Input data:
━━━━━━━━━━━━━━━━━━━━

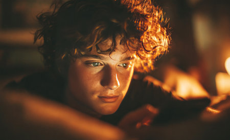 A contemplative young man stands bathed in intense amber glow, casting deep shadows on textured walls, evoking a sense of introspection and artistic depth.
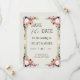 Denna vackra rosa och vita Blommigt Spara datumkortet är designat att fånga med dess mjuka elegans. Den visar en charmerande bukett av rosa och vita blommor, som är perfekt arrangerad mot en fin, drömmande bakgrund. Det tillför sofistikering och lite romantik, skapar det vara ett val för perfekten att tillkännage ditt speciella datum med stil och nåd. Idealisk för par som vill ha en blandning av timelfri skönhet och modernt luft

━━━━━━━━━━━━━━━━━━━━

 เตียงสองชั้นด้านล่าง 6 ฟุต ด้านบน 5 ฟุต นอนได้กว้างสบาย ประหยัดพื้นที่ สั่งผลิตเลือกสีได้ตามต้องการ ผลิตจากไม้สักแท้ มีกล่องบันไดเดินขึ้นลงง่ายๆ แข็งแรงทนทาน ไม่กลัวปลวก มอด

━━━━━━━━━━━━━━━━━━━━

About this exercise:
Please return the data above exactly as it stands from the line with "A contemplative young" to the line with "Denna vackra rosa", keeping both of those lines but none of the pictures.

Result of the exercise:
 A contemplative young man stands bathed in intense amber glow, casting deep shadows on textured walls, evoking a sense of introspection and artistic depth.
 Denna vackra rosa och vita Blommigt Spara datumkortet är designat att fånga med dess mjuka elegans. Den visar en charmerande bukett av rosa och vita blommor, som är perfekt arrangerad mot en fin, drömmande bakgrund. Det tillför sofistikering och lite romantik, skapar det vara ett val för perfekten att tillkännage ditt speciella datum med stil och nåd. Idealisk för par som vill ha en blandning av timelfri skönhet och modernt luft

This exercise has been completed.